The APIs of the HyperPose training library and the inference library are described in the Documentation.

Performance

We compare the prediction performance of HyperPose with OpenPose 1.6, TF-Pose and OpenPifPaf 0.12. The test-bed has Ubuntu18.04, 1070Ti GPU, Intel i7 CPU (12 logic cores).

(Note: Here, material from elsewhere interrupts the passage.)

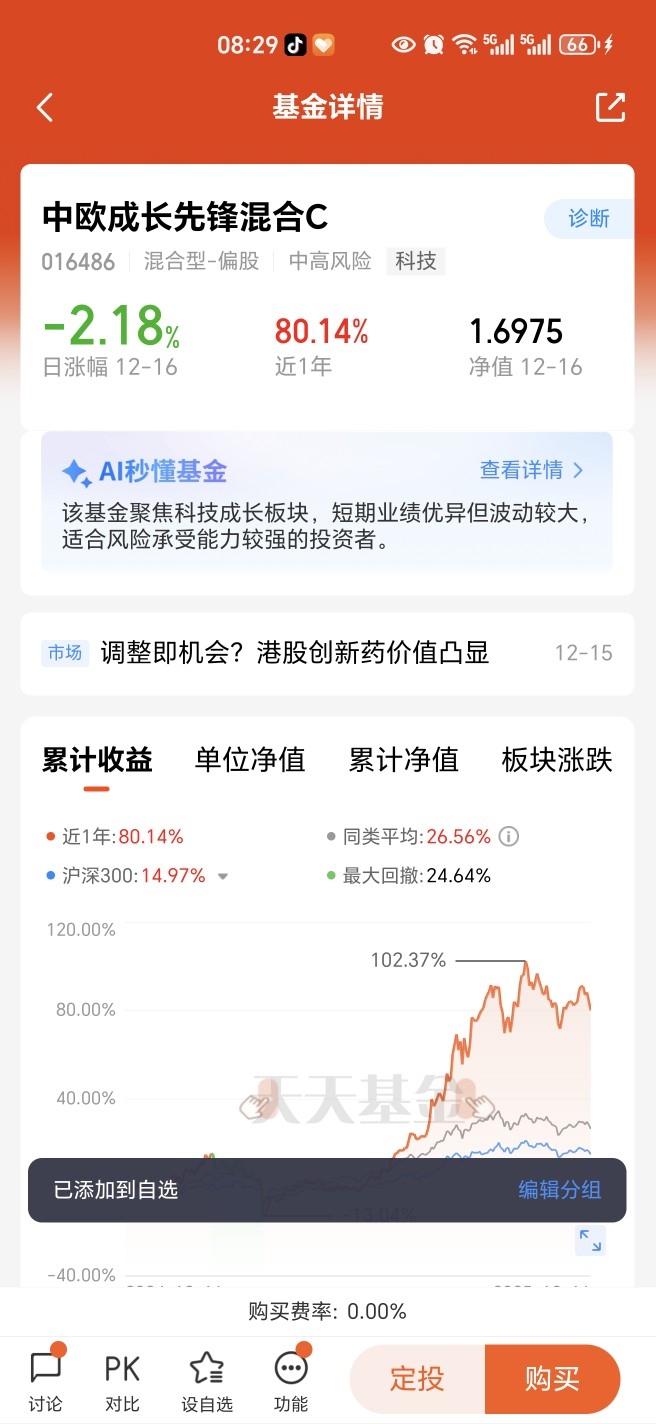 #基金经理刘伟伟来调研#相较于同类偏股混合型基金,中欧成长先锋混合C(016486)的核心优势集中在业绩表现、持仓配置、费率设计三方面。

HyperPose Configuration DNN Size Input Size HyperPose Baseline
OpenPose (VGG) 209.3MB 656 x 368 27.32 FPS 8 FPS (OpenPose)
OpenPose (TinyVGG) 34.7 MB 384 x 256 124.925 FPS N/A
OpenPose (MobileNet) 17.9 MB 432 x 368 84.32 FPS 8.5 FPS (TF-Pose)
OpenPose (ResNet18) 45.0 MB 432 x 368 62.52 FPS N/A
OpenPifPaf (ResNet50) 97.6 MB 432 x 368 44.16 FPS 14.5 FPS (OpenPifPaf)

Accuracy

We evaluate the accuracy of pose estimation models developed by HyperPose. The environment is Ubuntu16.04, with 4 V100-DGXs and 24 Intel Xeon CPU. The training procedure takes 1~2 weeks using 1 V100-DGX for each model. (If you don't want to train from scratch, you could use our pre-trained backbone models)

HyperPose Configuration DNN Size Input Size Evaluate Dataset Accuracy-hyperpose (Iou=0.50:0.95) Accuracy-original (Iou=0.50:0.95)
OpenPose (VGG19) 199 MB 432 x 368 MSCOCO2014 (random 1160 images) 57.0 map 58.4 map
LightweightOpenPose (Dilated MobileNet) 17.7 MB 432 x 368 MSCOCO2017(all 5000 img.) 46.1 map 42.8 map
LightweightOpenPose (MobileNet-Thin) 17.4 MB 432 x 368 MSCOCO2017 (all 5000 img.) 44.2 map 28.06 map (MSCOCO2014)
LightweightOpenPose (tiny VGG) 23.6 MB 432 x 368 MSCOCO2017 (all 5000 img.) 47.3 map -
LightweightOpenPose (ResNet50) 42.7 MB 432 x 368 MSCOCO2017 (all 5000 img.) 48.2 map -
PoseProposal (ResNet18) 45.2 MB 384 x 384 MPII (all 2729 img.) 54.9 map (PCKh) 72.8 map (PCKh)

Cite Us

If you find HyperPose helpful for your project, please cite our paper:

@article{hyperpose2021,
    author  = {Guo, Yixiao and Liu, Jiawei and Li, Guo and Mai, Luo and Dong, Hao},
    journal = {ACM Multimedia},
    title   = {{Fast and Flexible Human Pose Estimation with HyperPose}},
    url     = {https://github.com/tensorlayer/hyperpose},
    year    = {2021}
}

License

HyperPose is open-sourced under the Apache 2.0 license.